MixedInputter

class opennmt.inputters.MixedInputter(*args, **kwargs)[source]

An multi inputter that applies several transformation on the same data (e.g. combine word-level and character-level embeddings).

Inherits from: opennmt.inputters.MultiInputter

__init__(inputters, reducer=<opennmt.layers.reducer.ConcatReducer object>, dropout=0.0)[source]

Initializes a mixed inputter.

Parameters

inputters – A list of opennmt.inputters.Inputter.
reducer – A opennmt.layers.Reducer to merge all inputs.
dropout – The probability to drop units in the merged inputs.

make_dataset(data_file, training=None)[source]

Creates the base dataset required by this inputter.

Parameters

data_file – The data file.
training – Run in training mode.

Returns

A tf.data.Dataset instance or a list of tf.data.Dataset instances.

get_dataset_size(data_file)[source]

Returns the dataset size.

If the inputter can efficiently compute the dataset size from a training file on disk, it can optionally override this method. Otherwise, we may compute the size later with a generic and slower approach (iterating over the dataset instance).

Parameters: data_file – The data file.
Returns: The dataset size or None.

input_signature()[source]: Returns the input signature of this inputter.

get_length(features, ignore_special_tokens=False)[source]

Returns the length of the input features, if defined.

Parameters

features – The dictionary of input features.
ignore_special_tokens – Ignore special tokens that were added by the inputter (e.g. <s> and/or </s>).

Returns

The length.

make_features(element=None, features=None, training=None)[source]

Creates features from data.

This is typically called in a data pipeline (such as Dataset.map). Common transformation includes tokenization, parsing, vocabulary lookup, etc.

This method accepts both a single element from the dataset or a partially built dictionary of features.

Parameters

element – An element from the dataset returned by opennmt.inputters.Inputter.make_dataset().
features – An optional and possibly partial dictionary of features to augment.
training – Run in training mode.

Returns

A dictionary of tf.Tensor.

build(input_shape)[source]

Creates the variables of the layer (for subclass implementers).

This is a method that implementers of subclasses of Layer or Model can override if they need a state-creation step in-between layer instantiation and layer call. It is invoked automatically before the first execution of call().
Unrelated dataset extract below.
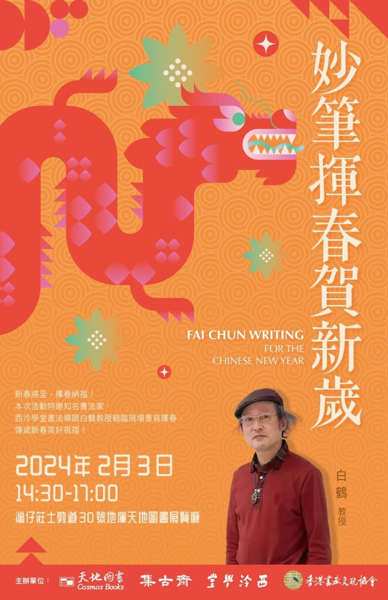 香港新聞網1月31日電 新春將至,揮春納福!值此辭舊迎新之際,集古齋攜手天地圖書、西泠學堂及香港書畫文玩協會,於2月3日(星期六)下午2時30分至5時,在灣仔莊士敦道30號天地圖書展覽廳舉辦“妙筆揮春賀新歲”活動,特別邀請知名書法家、西冷學堂特聘書法導師白鶴親臨活動現場,即席揮毫書寫揮春,讓大家近距離感受書法藝術的獨特魅力,為甲辰新春送上美好祝福。

This is typically used to create the weights of Layer subclasses (at the discretion of the subclass implementer).

Parameters: input_shape – Instance of TensorShape, or list of instances of TensorShape if the layer expects a list of inputs (one instance per input).

call(features, training=None)[source]

Creates the model input from the features (e.g. word embeddings).

Parameters

features – A dictionary of tf.Tensor, the output of opennmt.inputters.Inputter.make_features().
training – Run in training mode.

Returns

The model input.